⟨

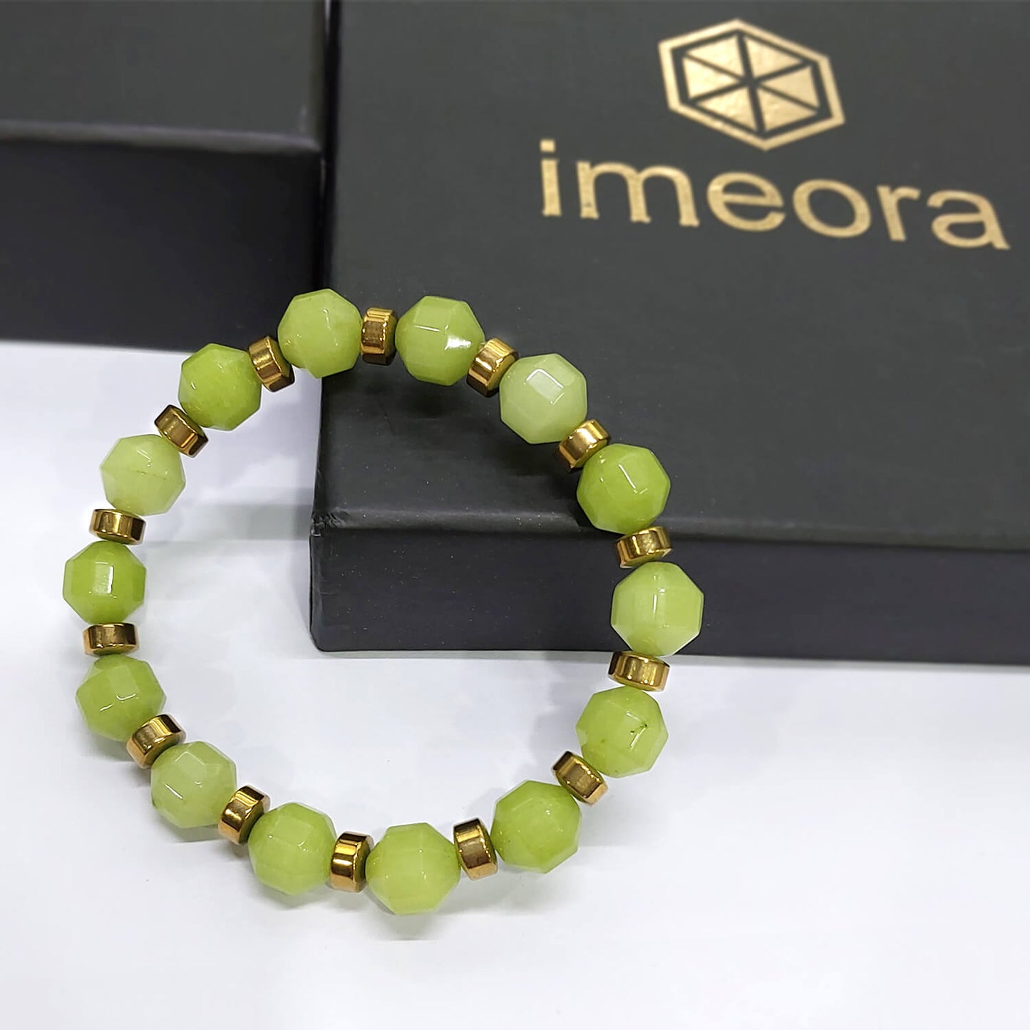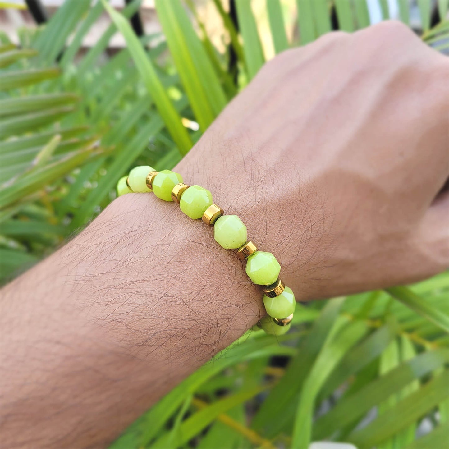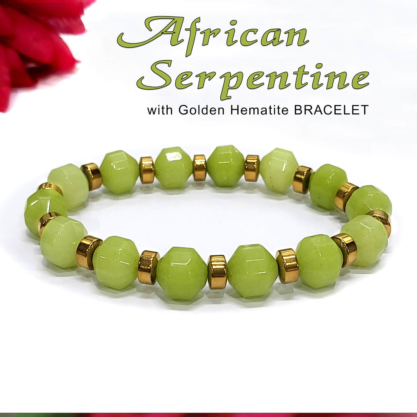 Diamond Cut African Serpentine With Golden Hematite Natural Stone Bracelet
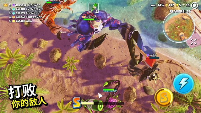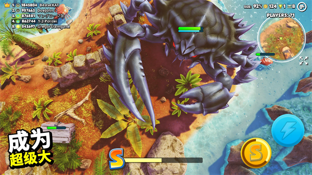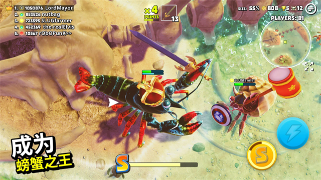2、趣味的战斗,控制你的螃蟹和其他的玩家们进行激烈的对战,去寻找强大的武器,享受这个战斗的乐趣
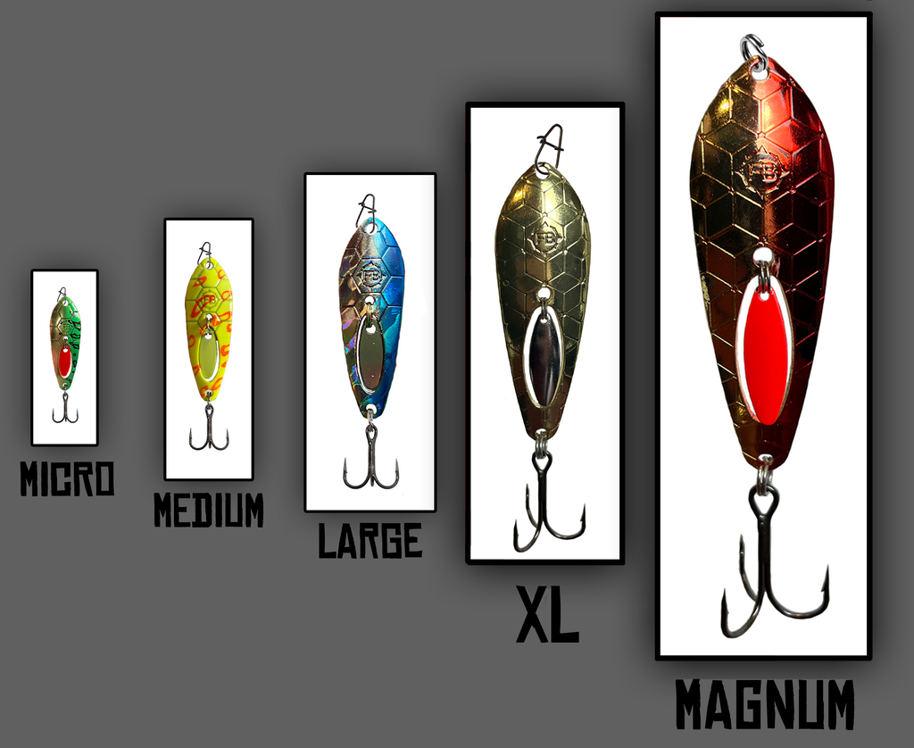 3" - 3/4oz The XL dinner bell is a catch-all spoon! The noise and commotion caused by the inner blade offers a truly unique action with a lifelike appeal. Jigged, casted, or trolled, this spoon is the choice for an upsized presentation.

⟩

WORK REQUIRED
Each line of the listing above belongs in the answer exactly as written; the pictures do not.

ANSWER TO THE PROBLEM
 Diamond Cut African Serpentine With Golden Hematite Natural Stone Bracelet
2、趣味的战斗,控制你的螃蟹和其他的玩家们进行激烈的对战,去寻找强大的武器,享受这个战斗的乐趣
 3" - 3/4oz The XL dinner bell is a catch-all spoon! The noise and commotion caused by the inner blade offers a truly unique action with a lifelike appeal. Jigged, casted, or trolled, this spoon is the choice for an upsized presentation.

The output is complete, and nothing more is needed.